# [What the task asks]
Only the lines from the line that contains "TNI AL, Dispen" through the final line of the entries below belong in your answer, copied exactly and without pictures.

Records from a collection:
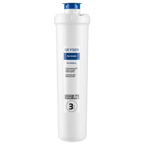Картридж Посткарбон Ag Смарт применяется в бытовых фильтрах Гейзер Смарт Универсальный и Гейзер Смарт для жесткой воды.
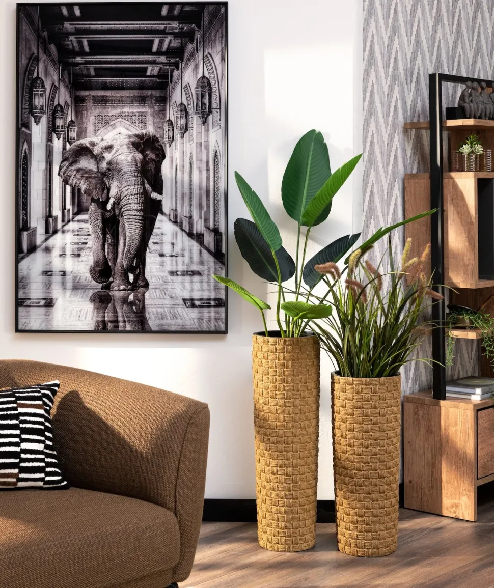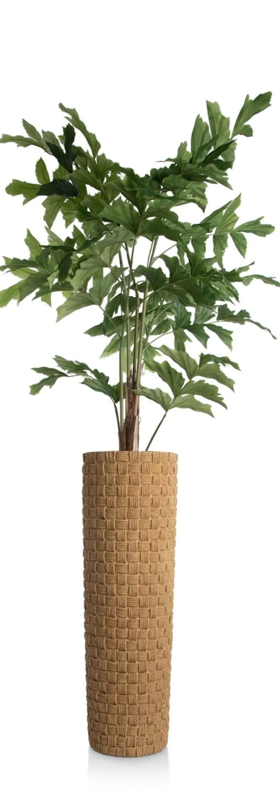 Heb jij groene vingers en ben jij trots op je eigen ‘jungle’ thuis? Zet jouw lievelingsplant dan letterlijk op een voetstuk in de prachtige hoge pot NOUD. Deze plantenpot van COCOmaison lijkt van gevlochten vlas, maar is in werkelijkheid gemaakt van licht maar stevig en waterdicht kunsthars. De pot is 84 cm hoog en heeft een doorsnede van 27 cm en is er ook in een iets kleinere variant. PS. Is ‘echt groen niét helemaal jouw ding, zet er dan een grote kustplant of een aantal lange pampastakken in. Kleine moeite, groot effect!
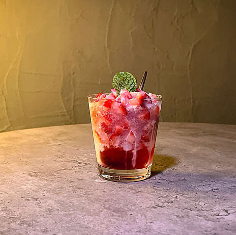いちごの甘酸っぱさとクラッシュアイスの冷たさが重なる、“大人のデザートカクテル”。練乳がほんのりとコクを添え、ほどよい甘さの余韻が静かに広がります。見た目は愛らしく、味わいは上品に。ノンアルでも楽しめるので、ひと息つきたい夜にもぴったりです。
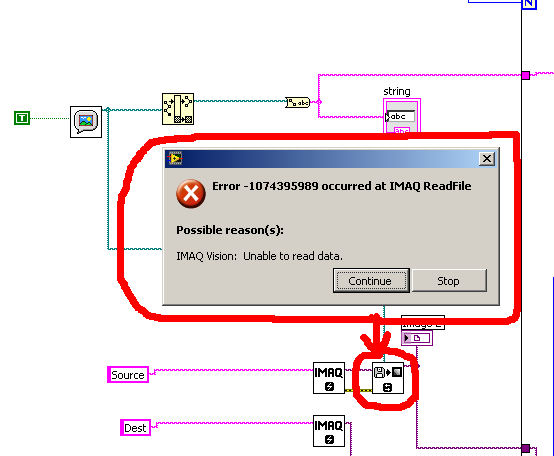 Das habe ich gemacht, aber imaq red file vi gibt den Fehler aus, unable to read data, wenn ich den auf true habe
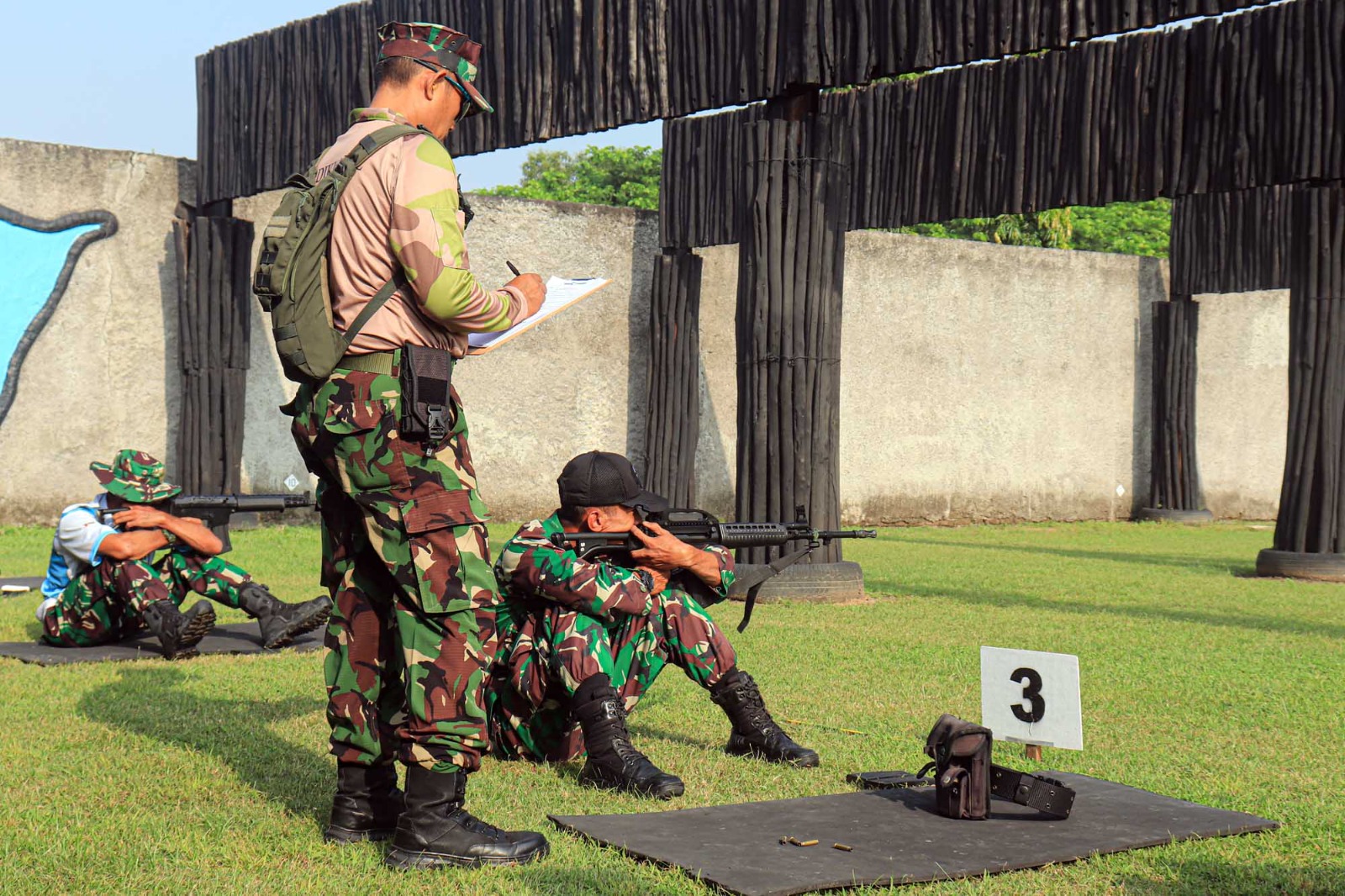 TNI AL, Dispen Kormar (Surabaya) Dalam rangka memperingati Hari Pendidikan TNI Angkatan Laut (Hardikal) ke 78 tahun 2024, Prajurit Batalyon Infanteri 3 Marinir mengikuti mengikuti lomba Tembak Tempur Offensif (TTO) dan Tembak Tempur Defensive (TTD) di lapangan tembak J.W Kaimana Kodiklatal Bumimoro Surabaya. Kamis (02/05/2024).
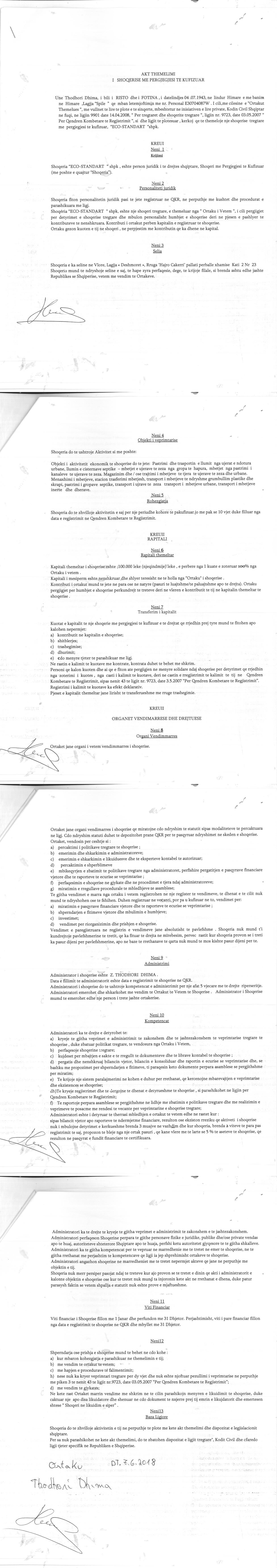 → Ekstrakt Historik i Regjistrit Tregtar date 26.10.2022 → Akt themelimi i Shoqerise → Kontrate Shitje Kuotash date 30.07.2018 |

# [Output]
 TNI AL, Dispen Kormar (Surabaya) Dalam rangka memperingati Hari Pendidikan TNI Angkatan Laut (Hardikal) ke 78 tahun 2024, Prajurit Batalyon Infanteri 3 Marinir mengikuti mengikuti lomba Tembak Tempur Offensif (TTO) dan Tembak Tempur Defensive (TTD) di lapangan tembak J.W Kaimana Kodiklatal Bumimoro Surabaya. Kamis (02/05/2024).
 → Ekstrakt Historik i Regjistrit Tregtar date 26.10.2022 → Akt themelimi i Shoqerise → Kontrate Shitje Kuotash date 30.07.2018 |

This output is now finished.